> _Prompt_: Retype only what runs from the first line of the records to the line with "VenmoDistressed antique looking", inclusive, and no pictures.

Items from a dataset
BEGIN

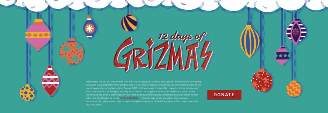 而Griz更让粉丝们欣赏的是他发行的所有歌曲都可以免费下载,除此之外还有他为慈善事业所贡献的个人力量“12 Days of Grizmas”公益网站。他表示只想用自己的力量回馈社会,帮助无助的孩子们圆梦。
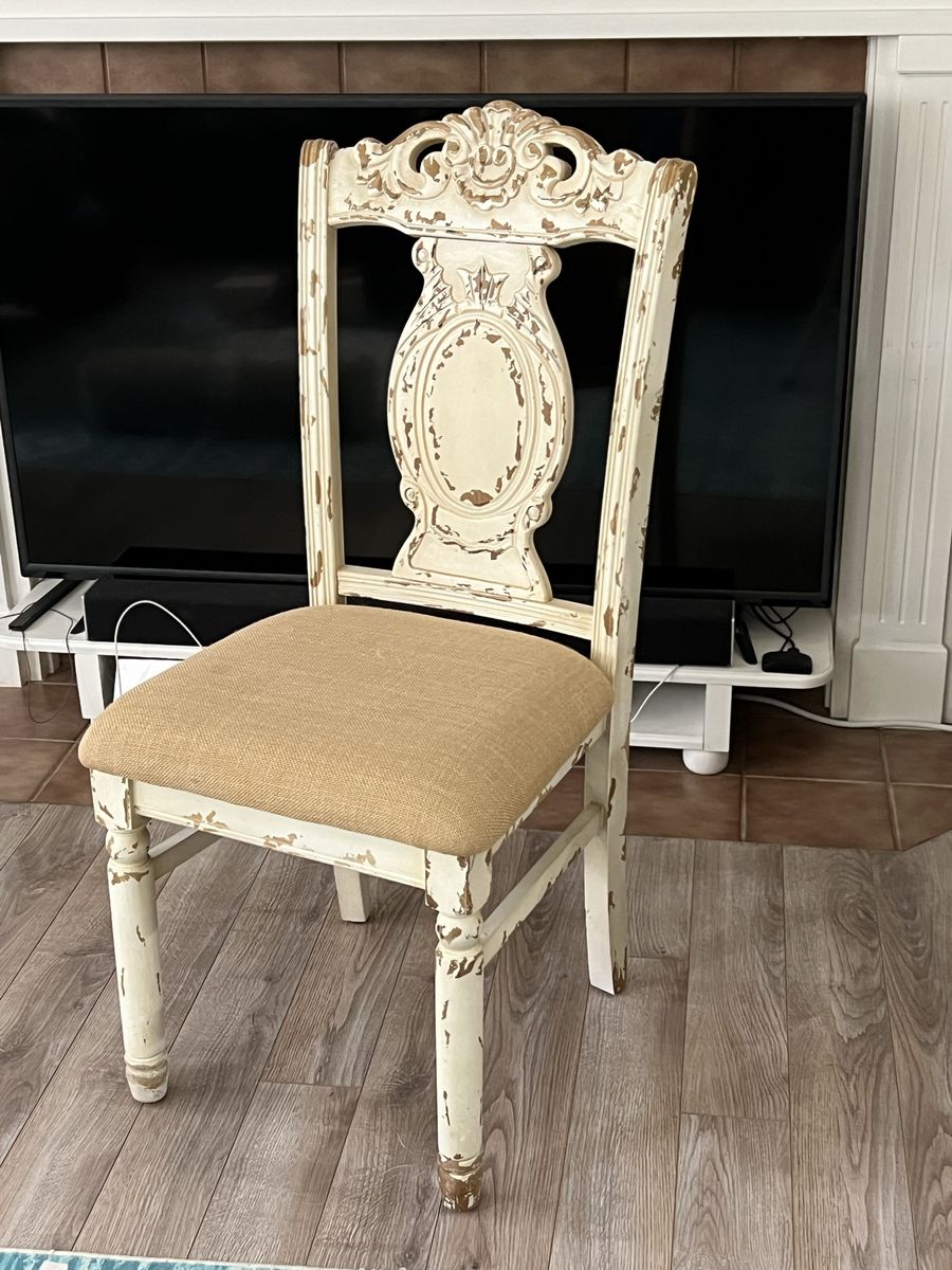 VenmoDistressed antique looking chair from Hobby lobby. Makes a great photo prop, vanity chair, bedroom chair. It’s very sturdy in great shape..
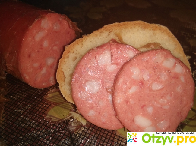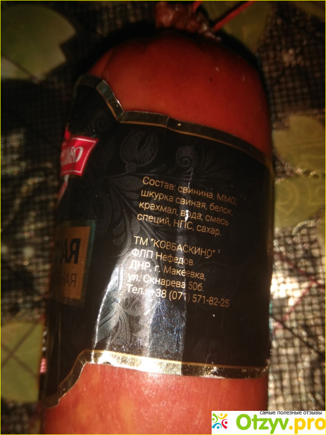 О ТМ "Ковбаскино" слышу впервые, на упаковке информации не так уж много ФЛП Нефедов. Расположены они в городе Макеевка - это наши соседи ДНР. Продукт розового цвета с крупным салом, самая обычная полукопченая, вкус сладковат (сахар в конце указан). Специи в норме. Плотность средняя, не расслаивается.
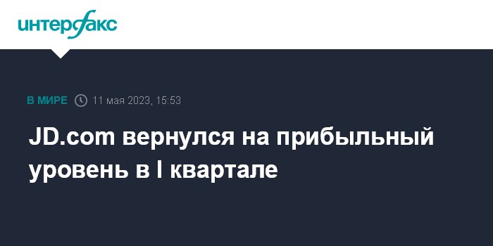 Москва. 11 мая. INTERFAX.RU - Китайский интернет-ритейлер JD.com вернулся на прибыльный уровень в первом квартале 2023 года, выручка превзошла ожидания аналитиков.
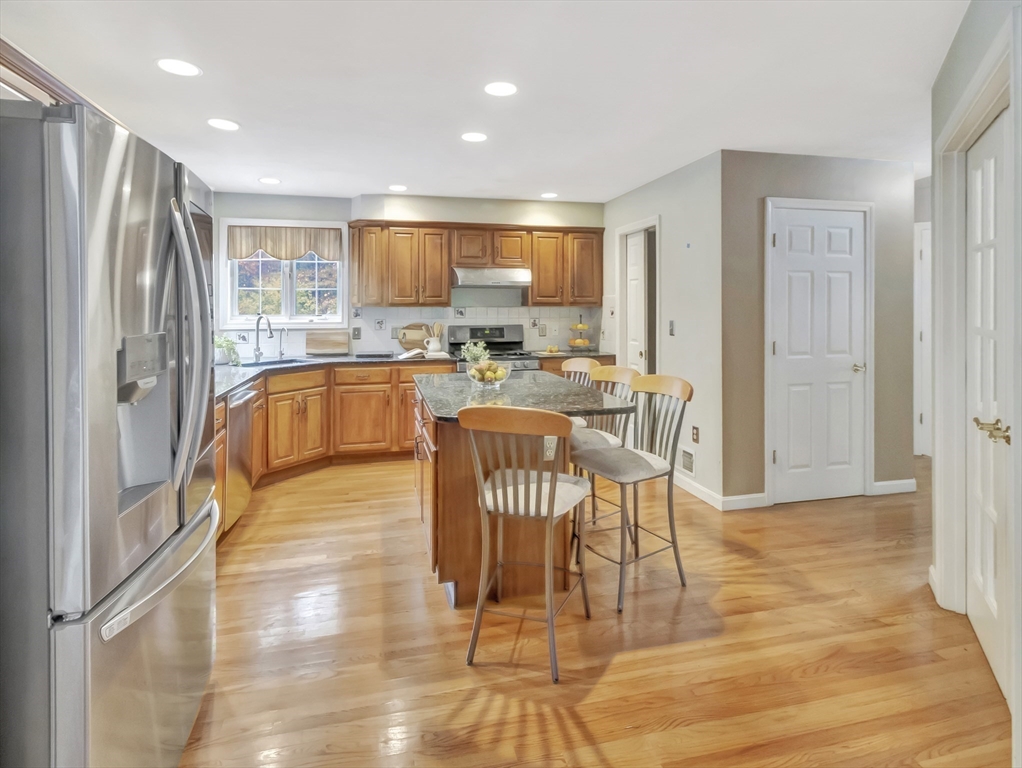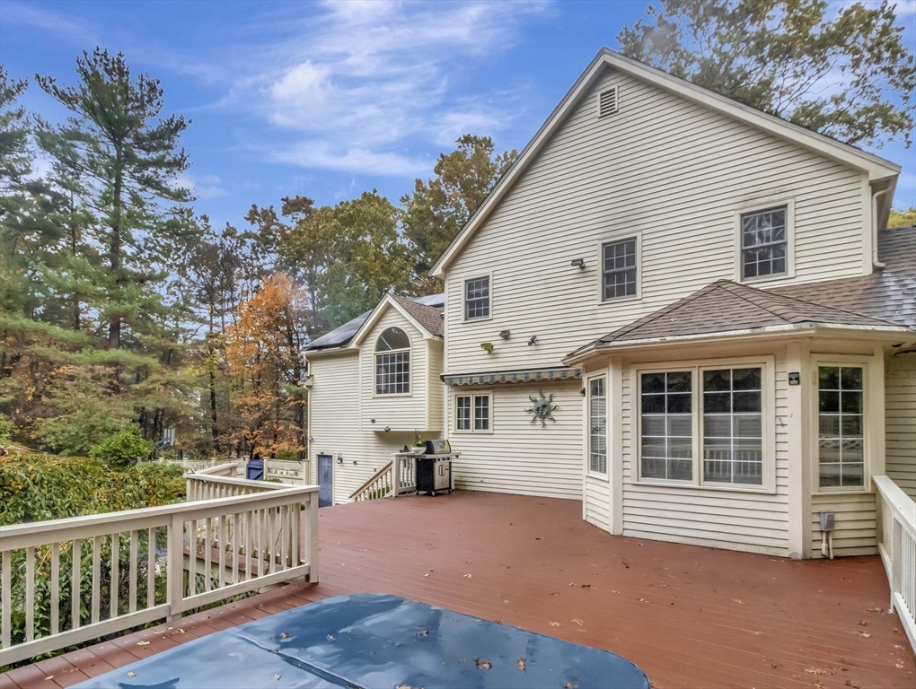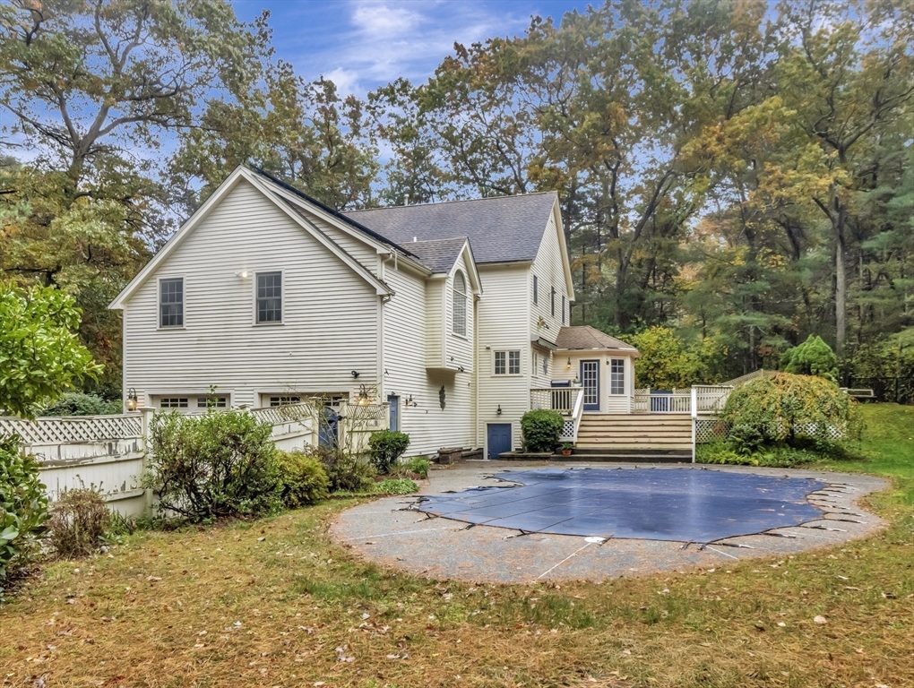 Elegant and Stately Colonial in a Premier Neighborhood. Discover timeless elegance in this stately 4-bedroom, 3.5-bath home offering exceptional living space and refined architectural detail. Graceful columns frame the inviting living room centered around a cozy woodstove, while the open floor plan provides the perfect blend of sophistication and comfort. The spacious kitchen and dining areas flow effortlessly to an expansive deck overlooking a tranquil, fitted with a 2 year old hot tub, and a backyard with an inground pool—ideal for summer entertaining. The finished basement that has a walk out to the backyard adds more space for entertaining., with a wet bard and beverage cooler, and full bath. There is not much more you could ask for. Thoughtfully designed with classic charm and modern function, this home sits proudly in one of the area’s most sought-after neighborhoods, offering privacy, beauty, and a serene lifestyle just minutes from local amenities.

END

> _Finished exercise_:
 而Griz更让粉丝们欣赏的是他发行的所有歌曲都可以免费下载,除此之外还有他为慈善事业所贡献的个人力量“12 Days of Grizmas”公益网站。他表示只想用自己的力量回馈社会,帮助无助的孩子们圆梦。
 VenmoDistressed antique looking chair from Hobby lobby. Makes a great photo prop, vanity chair, bedroom chair. It’s very sturdy in great shape..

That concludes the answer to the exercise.